MAFA is localised specifically in beta cells of human islets. a Immunofluorescent detection of the islet transcription factors ISL1, IPF1 or MAFA (green), and insulin (red), as well as 4′,6-diamidino-2-phenylindole (DAPI) nuclei staining (blue) in dispersed human islet cells cultured at 11.2 mmol/l glucose for 24 h. Similar to IPF1, MAFA is exclusively detected in the nuclei of insulin-positive cells. b Immunocytochemical detection of MAFA (green) and beta cells (insulin in red) was performed 24 h after incubation with the indicated concentrations of glucose (Glc) with or without the GLP1R agonist exendin-4 (ex-4, 10 nmol/l). The merge image of the MAFA- and insulin- producing beta cells is shown

Glucose regulates

MAFA DNA-binding activity in rat islets Findings on glucose-regulation of MAFA have been very confusing [5, 14, 15, 46]. Zhao and colleagues [46] reported that both MAFA protein levels and its binding to the RIPE3b/C1 element are markedly increased in rat islets cultured for 24 h with 16.7 mmol/l glucose, in comparison with control islets treated with 2.8 mmol/l glucose.

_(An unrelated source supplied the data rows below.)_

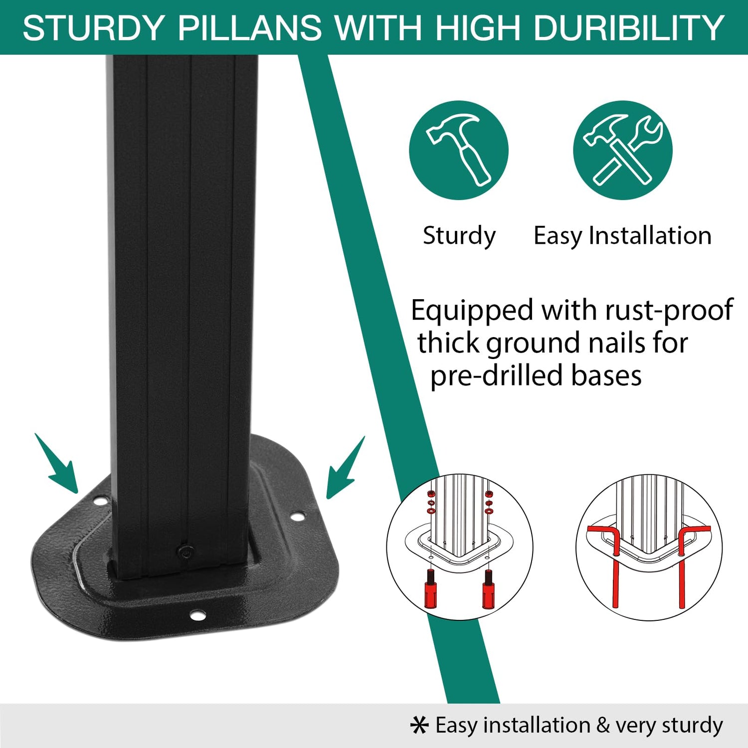 - STURDY ALUMINUM PAVILLION: Our 10 x13ft gazebo made of Strong powder coated aluminum frame is weather-resistant and prevents fade, rust, and corrosion; the feet contain holes and ground stakes for additional stability.
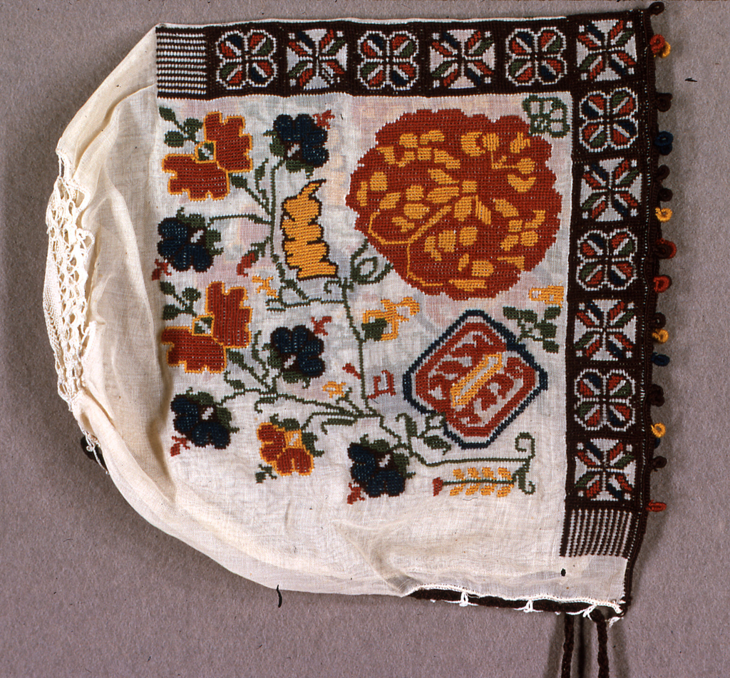 Hat (Greece); silk embroidery on linen foundation; H x W: 25 x 22 cm (9 13/16 x 8 11/16 in.); Gift of Mrs. Norris W. Harkness; 1967-17-1
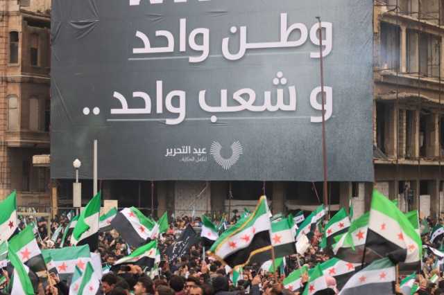 احتشد الآلاف في ساحة سعد الله الجابري وسط مدينة حلب، التي تعيش عامها الأول بدون النظام السابق بعد سنوات طويلة من الحرب والانقسام.
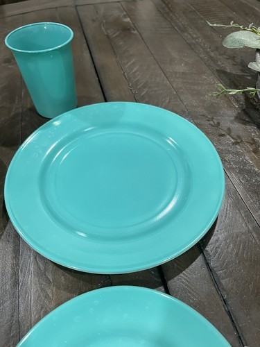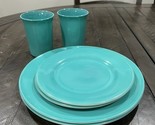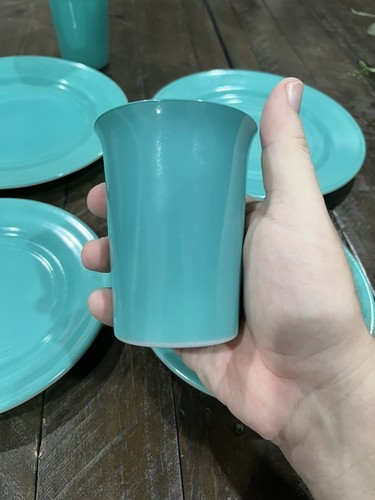 - Hazel Atlas Ovide Aqua Turquoise Platonite Dinner Dessert Plate Tumbler Set Of 2
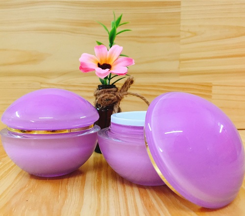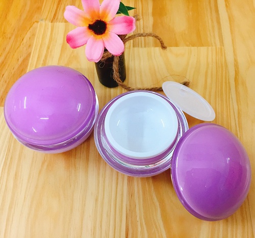 - Hũ kem đựng mỹ phẩm hình khối cầu màu tím nhẹ nhàng, nắp cùng màu có viền quanh thân tinh xảo. phía trong có lớp lót trên hũ. .
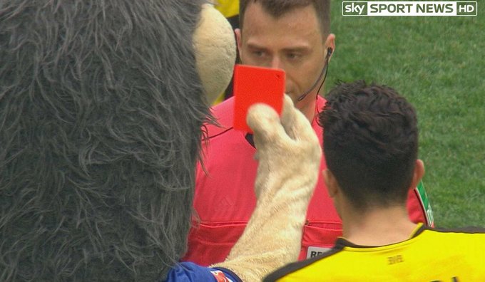 Маскот Шальке показал красную карточку арбитру матча с Боруссией Д
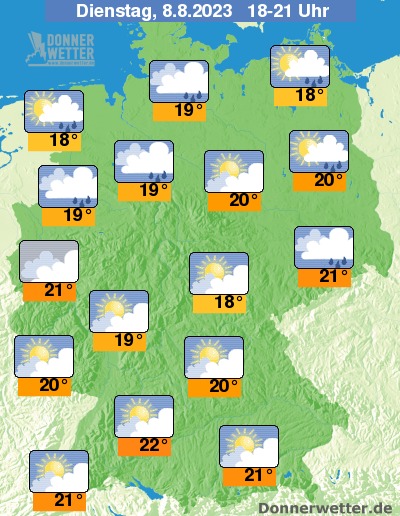 Am Mittwoch ist es im Süden noch oft bedeckt und hier bilden sich gebietsweise Schauer. Im übrigen Bundesgebiet ist es teils stark, zunehmend aber aufgelockert bewölkt und gegen Abend oft nur noch gering bewölkt. Dazu bleibt es dann trocken bei Werten von 19 Grad in Erfurt und bis 24 Grad in Köln.
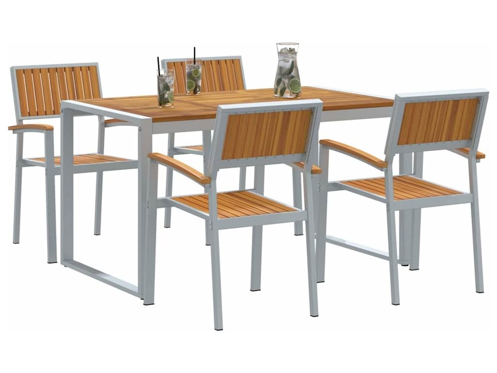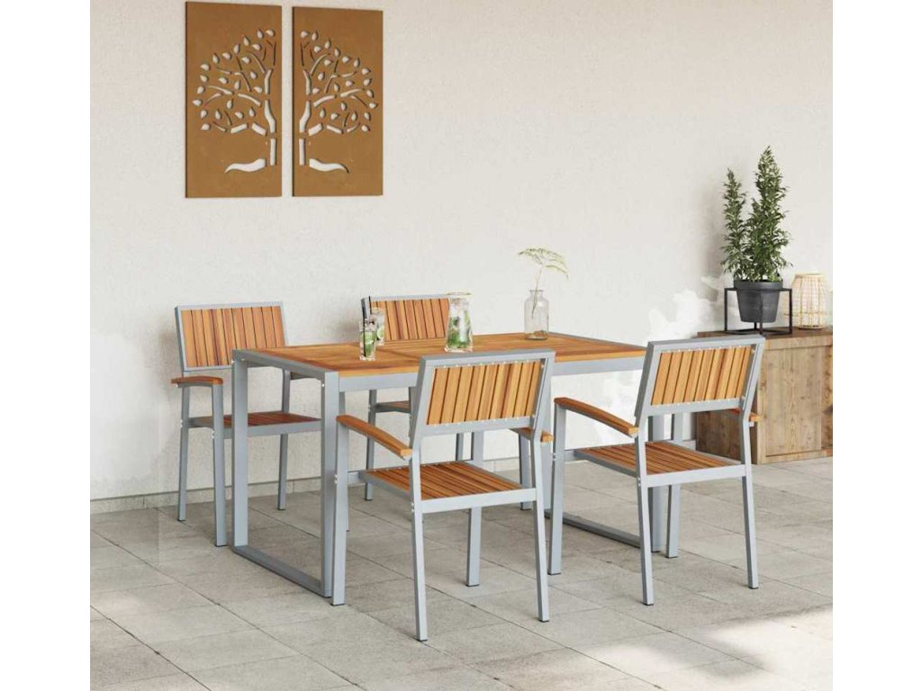 Tento moderní zahradní jídelní set vám usnadní užít si venkovní prostory jako zahrady nebo terasy. Skvělá kombinace masivního akáciového dřeva a oceli je reprezentantem moderního stylu, který splňuje potřeby letních večírků, klidných večeří a garden party. Design perfektně doplní každé prostředí, ať už se jedná o bujné zahrady nebo minimalistické terasy, a zaručí, že vaše venkovní sezení bude stylové a praktické.
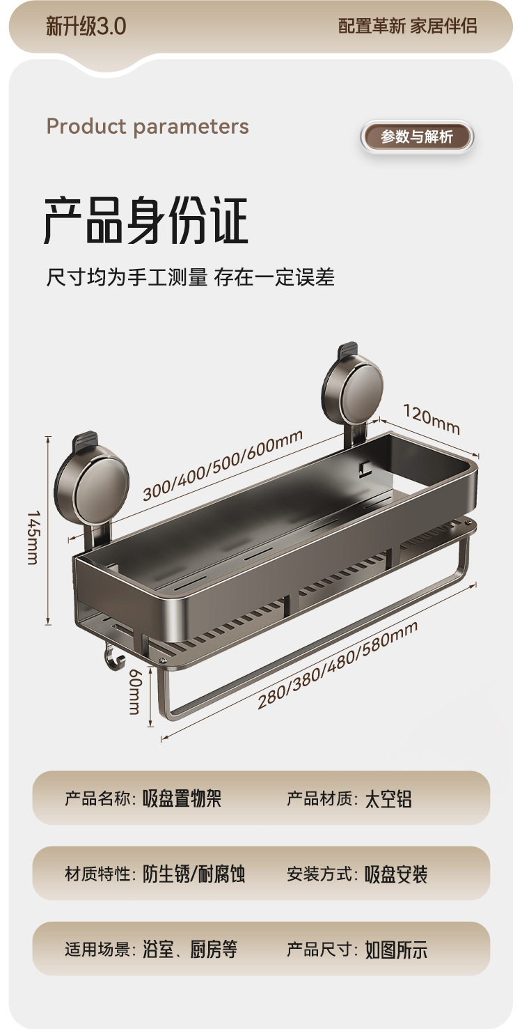 • 60CM 단일 레이어 [강력한 흡착, 몇 초 만에 설치/원하는 위치 변경]

Similar glucose-induced MAFA DNA-binding activity was demonstrated in insulinoma MIN6 and β-TC6 cells [5]. In contrast, reduced MAFA DNA-binding activity and MAFA levels have been shown in INS-1 cells cultured with 16.7 mmol/l glucose for 48 h [17] and in HIT-T15 cells treated chronically with 11.1 mmol/l glucose [16]. To clarify this, we performed EMSA with nuclear extracts from rat islets cultured with 2.5, 5, 15 and 30 mmol/l glucose for 48 h. As shown in Fig. 7, MAFA DNA binding is regulated by glucose in a bell-shaped manner. The DNA-binding activity was incrementally increased in the range 2.5–15 mmol/l glucose, but reduced at 30 mmol/l glucose. These results not only support the notion that glucose enhances MAFA DNA binding [5, 46], but are also in agreement with the previous finding that glucotoxicity diminishes the DNA-binding activity [14, 16, 17]. The discrepancy between the studies in rat islets and insulinoma cells could be related to decreased sensitivity of the former to high glucose.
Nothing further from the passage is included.